Большую часть ужина все трое ругательски ругали экзаменатора по трансгрессии, и, когда они направились в гриффиндорскую гостиную, попутно обсуждая неотвязную проблему Слизнорта и его памяти, Рон хоть немного повеселел.
— Так что, Гарри, собираешься ты использовать «Феликс Фелицис» или не собираешься? — требовательно спросил он.
— Наверное, придется, — ответил Гарри. — Не думаю, что мне понадобится весь флакон, там зелья на двенадцать часов, не всю же ночь это займет... Просто приму глоточек. Часов двух-трех мне за глаза хватит.
— После него так здорово себя чувствуешь, — ударился в воспоминания Рон. — Кажется, что просто не можешь хоть что-то сделать неправильно.
— Ты это о чем? — рассмеялась Гермиона. — Ты же его и не пробовал ни разу!
— Да, но я-то думал, что попробовал, ведь так? — ответил Рон тоном человека, который вынужден объяснять совершенно очевидные вещи. — Стало быть, разницы никакой не было...

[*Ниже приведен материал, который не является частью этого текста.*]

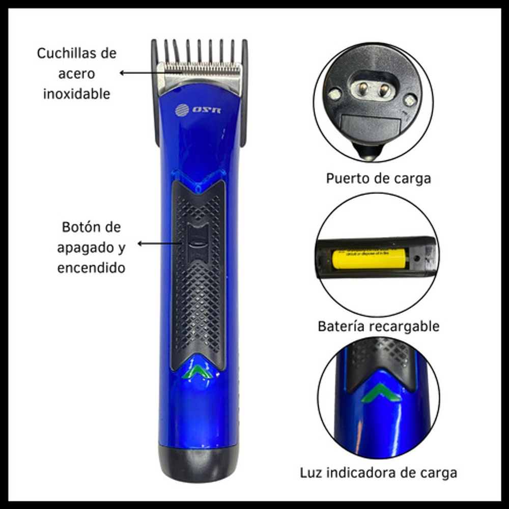 CARACTERISTICAS: -Incluye peine de limpieza -Batería recargable -Potencia 2W / Voltaje 220-240V -Cuchillas de acero inoxidable -Incluye cable de carga
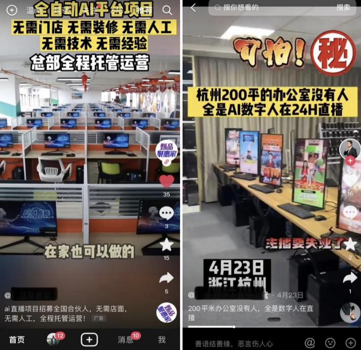 “可怕!杭州200平的办公室没有人,全是AI数字人在24小时直播!”

Поскольку они всего минуту назад видели входившего в Большой зал Слизнорта и знали, что за ужином он любит засиживаться подолгу, все трое помедлили немного в гостиной. План их состоял в том, что Гарри должен будет отправиться в кабинет Слизнорта ко времени возвращения туда профессора. Когда солнце коснулось верхушек деревьев в Запретном лесу, они решили, что нужный миг настал, и, убедившись, что Невилл, Дин и Симус не собираются покидать гостиную, проскользнули в спальню мальчиков.
Гарри вытащил со дна своего чемодана комок носков и извлек из него крошечный, поблескивающий флакончик.

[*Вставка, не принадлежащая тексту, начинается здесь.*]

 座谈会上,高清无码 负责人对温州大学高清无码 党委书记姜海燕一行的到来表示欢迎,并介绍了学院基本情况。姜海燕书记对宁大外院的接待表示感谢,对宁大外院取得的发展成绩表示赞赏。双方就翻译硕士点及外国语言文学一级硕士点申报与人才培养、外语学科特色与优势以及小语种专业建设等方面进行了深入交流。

— Ну, поехали, — сказал он, поднеся флакончик к губам и сделав тщательно отмеренный глоток.
— Что ты чувствуешь? — прошептала Гермиона. Гарри ответил не сразу. В него медленно, но верно начинало прокрадываться ощущение бесконечных возможностей, ему казалось, что он может справиться со всем на свете... А уж овладеть памятью Слизнорта вдруг представилось делом не только возможным, но и предельно простым.

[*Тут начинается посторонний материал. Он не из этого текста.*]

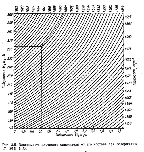 повышает давление в герметически закрытых баках при разложении азотной кислоты. Для отдельных космических объектов целесообразно применять азотнокислотный окислитель, содержащий 44% N204 и имеющий максимальную плотность 1650кг/м3 при 20°С[4].

Гарри вскочил на ноги, он улыбался, до краев наполненный уверенностью в себе.
— Великолепно, — сказал он. — Просто великолепно. Ладно, я пошел к Хагриду.
— Куда? — ошеломленно воскликнули в один голос Рон с Гермионой.
— Постой, Гарри, тебе же нужно повидаться со Слизнортом, помнишь? — сказала Гермиона.
— Нет, — уверенно сказал он. — Я иду к Хагриду, это самое лучшее, я чувствую.
— Ты чувствуешь, что самое лучшее — заняться похоронами гигантского паука? — в совершенном недоумении спросил Рон.
— Ну да, — сказал Гарри, вытаскивая из сумки мантию-невидимку. — Я чувствую, что должен быть этой ночью там, понимаете?
— Нет, — хором ответили Рон с Гермионой, теперь уже явно обеспокоенные.
— Слушай, а это точно «Феликс Фелицис»? — поднимая флакончик к свету, озабоченно спросила Гермиона. — У тебя никаких больше флаконов нет, наполненных... ну, не знаю...
— Настоем невменяемости, — подсказал Рон, глядя, как Гарри набрасывает на плечи мантию.
Гарри захохотал, еще сильнее встревожив Гермиону и Рона.
— Поверьте мне, — сказал он, — я знаю, что делаю. По крайней мере... — он уверенно шагнул к двери, — «Феликс» знает.
Набросив мантию-невидимку на голову, он начал спускаться по лестнице, Рон с Гермионой поспешили следом. Добравшись донизу, Гарри проскользнул в открытую дверь.
— Чем это ты с ней там занимался? — взвизгнула Лаванда Браун, глядя сквозь Гарри на Рона и Гермиону вышедших вместе из спален мальчиков. Гарри, метнувшись через гостиную, чтобы оторваться от них, услышал, как Рон залопотал что-то бессвязное.
Выбраться через портретный проем оказалось совсем просто — едва Гарри приблизился к нему, навстречу вылезли Джинни с Дином, и Гарри удалось проскользнуть между ними. При этом он ненароком задел Джинни.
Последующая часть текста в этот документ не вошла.